How could it be otherwise when so much seems so wrong and fakery, misdirection, and outright lies by both parties have been so pervasive?

Consider:

  • The past several decades have seen the most sustained rise in inequality in the United States since the 19th century after more than 40 years of narrowing inequality following the Great Depression. By some estimates, income and wealth inequality are near their highest levels in the past hundred years.
  • The 2009 $830 billion stimulus package, with a claimed focus on shovel-ready projects, was supposed to fix things after the Great Recession. The legacy instead – a slow growth economy. The first 23 quarters of the recovery, which officially began in June of 2009, had an annual rate of growth of just 2.1 percent.
  • The distribution of wealth in the United States is even more unequal than that of income. The wealthiest 5 percent of American households held 54 percent of all wealth reported in 1989, rose to 61 percent in 2010 and reached 63 percent in 2013.
  • 71 percent of Americans say life has gotten worse for middle-class Americans over the past 10 years.
  • Today’s fifty-somethings may be part of the first generation in American history to experience a lifetime of downward mobility, in which at every stage of adult life, they have had less income and less net wealth than did people who were their age ten years before.
  • There is now less economic mobility in the United States than in Canada or much of Europe. A child born in the bottom one-fifth of incomes in the United States has only a 4 percent chance of rising to the top one-fifth.
  • Young Americans (ages 18-34) are earning less (adjusted for inflation) than their peers in 1980 ; the college graduating class this year left with an average student debt of $35,051.
  • In 1986, President Reagan signed legislation that was supposed to fix the illegal immigration issue once and for all. Three million applied for legal status and about 2.7 million received it. Today, about 11.7 million immigrants are living in the United States illegally. So much for the fix.
  • Despite all the “mission accomplished” and “victory is at hand” assurances, America has been at war in the Middle East for the past 15 years, with little to show for it, billions of dollars down a rathole, thousands of American soldiers dead and wounded, and continuing chaos in Afghanistan, Iraq, Libya and Yemen.
  • Despite the billions the government has spent on poverty-related programs, half of children age three and younger live in poverty.
  • The White House wants to “press the reset button” on one of Washington’s biggest challenges: its increasingly troublesome relationship with Russia,” Vice President Biden, 2/7/2009; “We’re going to hit the reset button and start fresh (with Russia),” Secretary of State Hillary Clinton, 3/6/2009
  • “If you like the plan you have, you can keep it.  If you like the doctor you have, you can keep your doctor, too.” President Obama, 6/6/2009.
  • “I ended the war in Iraq, as I promised. We are transitioning out of Afghanistan. We have gone after the terrorists who actually attacked us 9/11 and decimated al Qaeda.” President Obama, 9/14/2012
  • Despite assurances from some politicians that all’s well, the Medicare program has $28.1 trillion in unfunded liabilities over the next 75 years.

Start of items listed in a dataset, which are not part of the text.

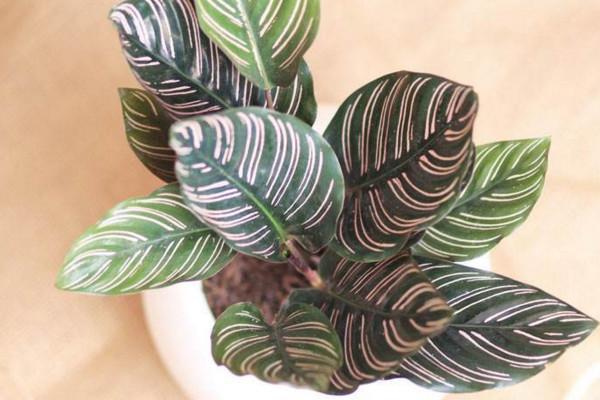 顾名思义,双线竹芋就是它的叶片上的花纹都是由两条细细的线条组成的,特别整齐,就好像是人为画上去一样,叶片的背面是深紫色的,栽培也比较简单。
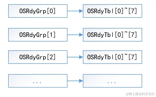 - 优先级表(OSUnMapTbl)和就绪表(OSRdyTbl)、就绪组(OSRdyGrp)的关系?如何计算优先级?
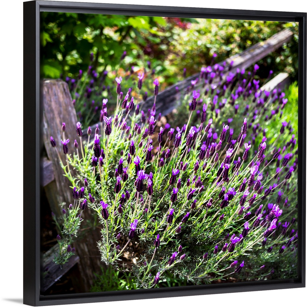 <p>A lavender plant growing in a garden beside a wooden rail fence; Whidbey Island, Washington, United States of America</p>
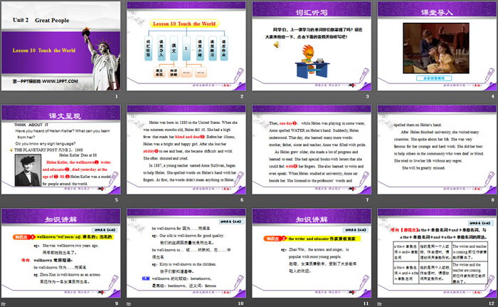 关键词:冀教版九年级上册英语PPT课件免费下载,Touch the WorldPPT下载,Great PeoplePPT下载,.PPT格式;
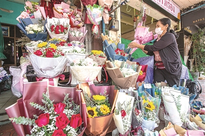 在泰国曼谷帕空鲜花市场,来自云南的鲜花随处可见。云南鲜花经过采摘、修枝、包装等过程,仅需近40小时的冷链运输便可抵达曼谷。从澜沧江边到湄南河畔,作为“云南名片”的鲜花,化作丝路花雨,香飘世界。
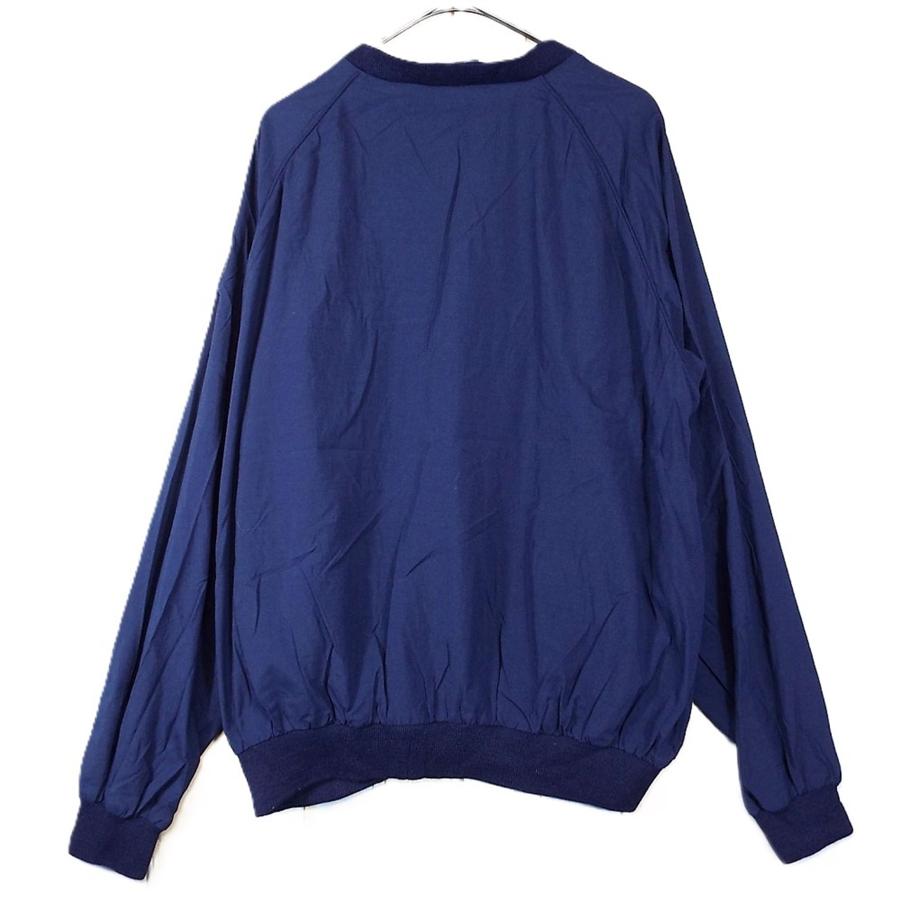 【身幅65cm】【1990年代】スコットランド製 SUNDERLAND Budweiser 三角タグ バドワイザー ワンポイント刺繍 Vネック 長袖プルオーバー ナイロン ウィンドブレーカー ピステト Mサイズ ネイビー【湘南倉庫】ヴィンテージ古着 12363049 ジャケット
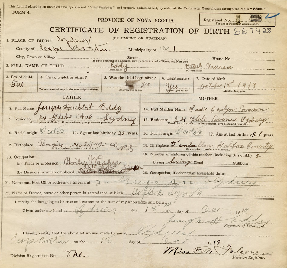 born at Sydney Cape Breton County on October 18, 1919

Together with Social Security’s $13.3 trillion shortfall, the government has accumulated entitlement spending commitments that far exceed our capacity to pay for them.
  • In the 2012 election cycle, a tiny elite of the U.S. population, just 0.40 %, made a political contribution of more than $200, providing 63.5% of all individual contributions to federal candidates, PACs and Parties, according to the Center for Responsive Politics.
  • Fewer than four hundred families are responsible for almost half the money raised in the 2016 presidential campaign to date, a concentration of political donors that is unprecedented in the modern era.

As H.L. Mencken said, “Under democracy one party always devotes its chief energies to trying to prove that the other party is unfit to rule — and both commonly succeed, and are right.”